Prosthetic eyes; Technology in healthcare; Maxillofacial prosthesis; Artificial eyes.


A focus on addressing the needs of the patient has resulted in the incorporation of technology in modern healthcare becoming increasingly widespread [1]. Healthcare interventions are often complex consisting of various components that may act both independently and inter-dependently [2]. It is important to understand the requirements of those involved with the product (the patient, their families and the health professionals) to ensure effectiveness, thus increasing success rate and limiting the need for modifications [2-4]. The end product not only needs to be functional, but also aesthetically pleasing and fit into the working and living pattern of the patient [3]. Although this knowledge creates greater insight for the developers, requirements often change over time and factors that were once important to a patient may have been forgotten or have changed, thus not all needs will be met [5].

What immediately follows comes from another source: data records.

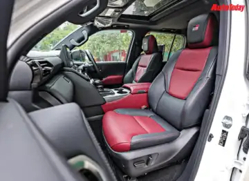 In the modern world of display dominated cabins, the Land Cruiser takes quite the balanced step. Large infotainment display, but replete with a bank of switches for climate control and all the important off-road tech.One of the key reasons that the Land Cruiser in the past few decades elevated itself to the pinnacle of SUVs is owing to the supremely luxurious cabin and its comfort quotient, and that continues with this LC 300. The space is cavernous, and decked in premium leather upholstery, that in the GR Sport takes a sporty turn with the red and black dual-tone theme, with certain sportier looking elements such as the GR Sport logo on the steering and the start/stop button.
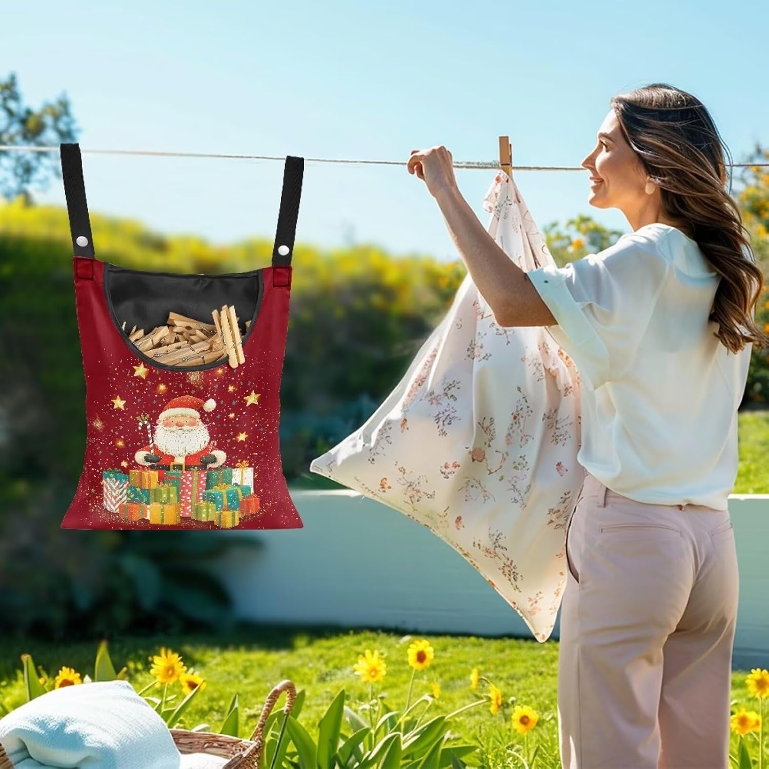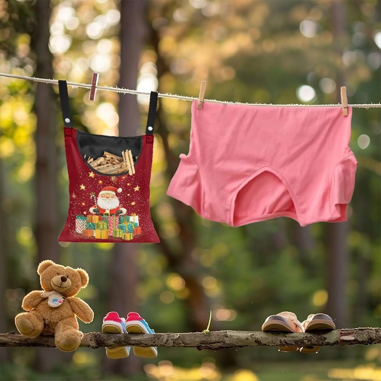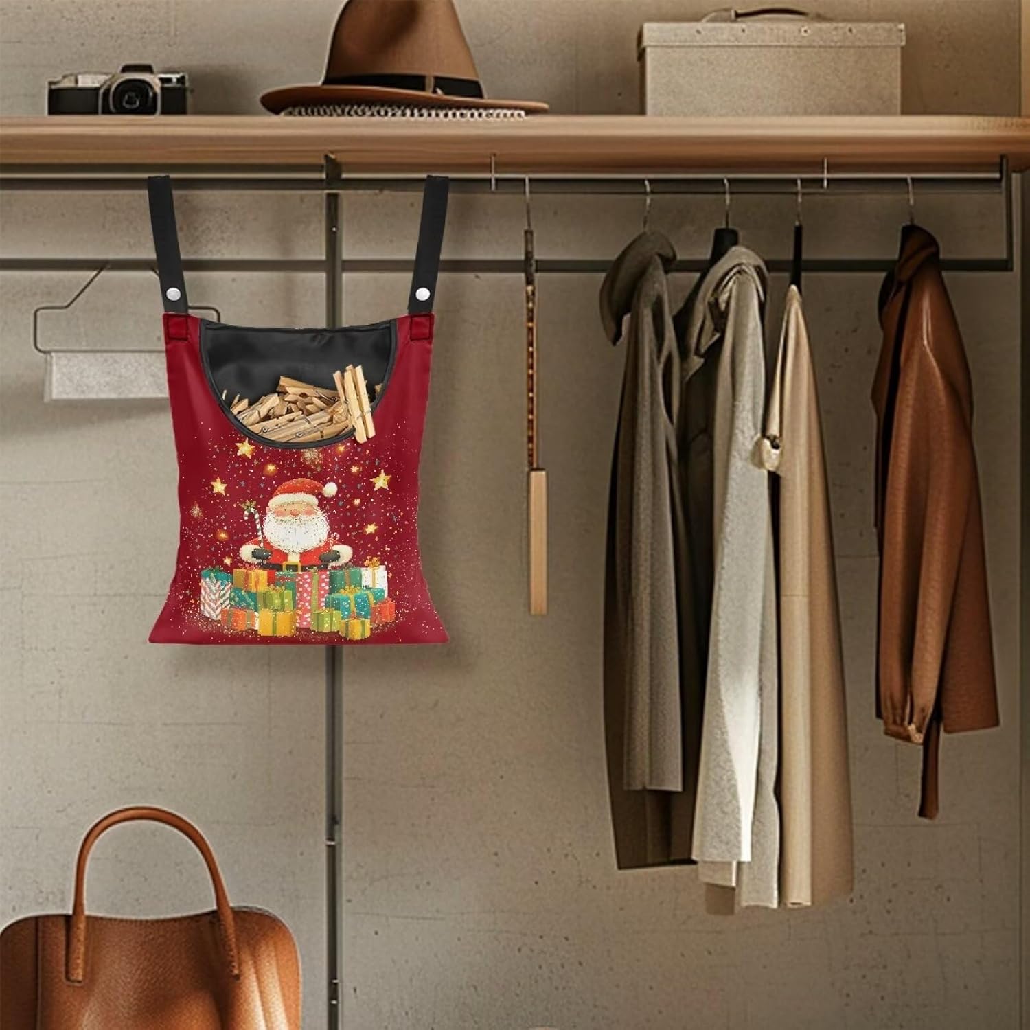 Christmas Santa Claus Clothespin Organizer Bag Shell Beach Clothespin Bags with Hanging Hook Waterproof Clothes Pin Storage Organizer with Large Opening Clothespin Bag
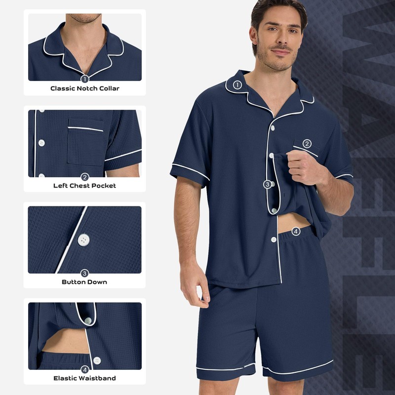 - Convenient Pockets: Equipped with functional side pockets, this men's short sleeve pajama set allows you to carry essentials like your phone, keys, or remote control with ease. Thoughtfully designed for modern men, waffle knit loungewear adds practicality to your everyday comfort without compromising on style.
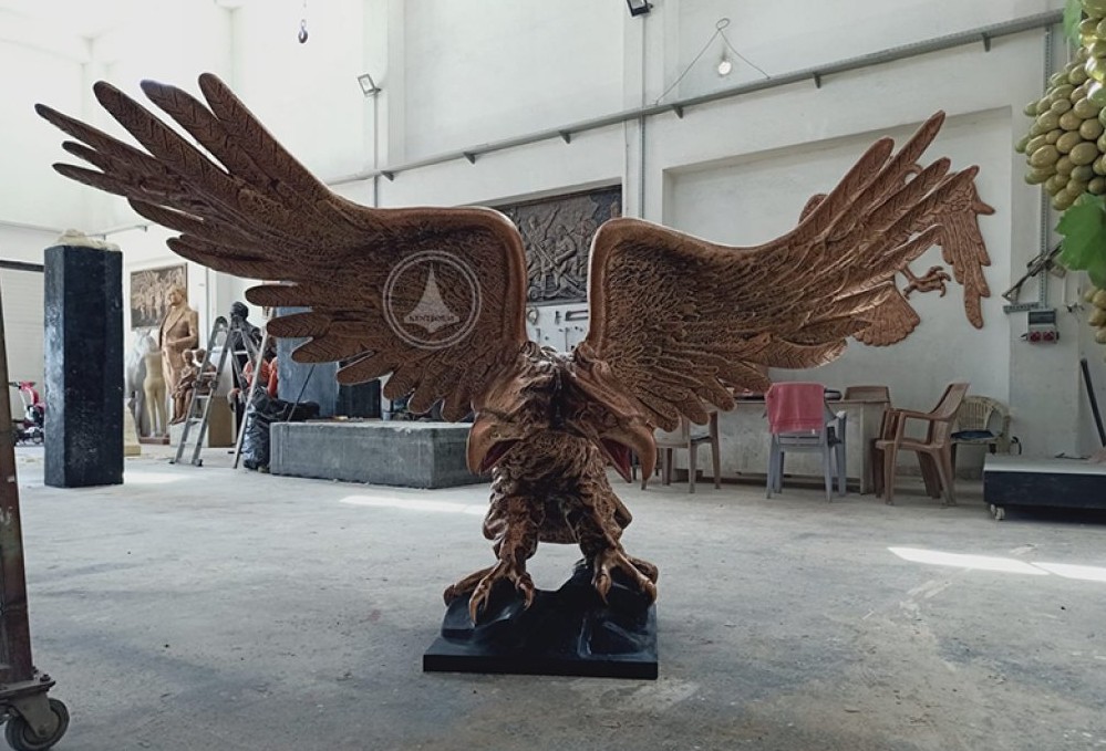 Tarihi ve kültürel anlamda güç, hâkimiyet ve koruyuculuğun simgesi olan çift başlı kartal figürü, bu anıt heykel çalışmasında etkileyici ve ihtişamlı bir kompozisyonla hayat bulmuştur.

High demand healthcare needs such as heart related conditions and diabetes often attract investment and funding allowing for significant technological advancement. Examples of this include an electronic stent for the heart, an artificial pancreas and 3D printed biological materials [6]. With reduced resources, research and development in small healthcare sectors is often slow, sometimes remaining stagnant for a number of years. With changing patient expectations, products produced in these fields can result in reduced patient outcomes and satisfaction [1, 3].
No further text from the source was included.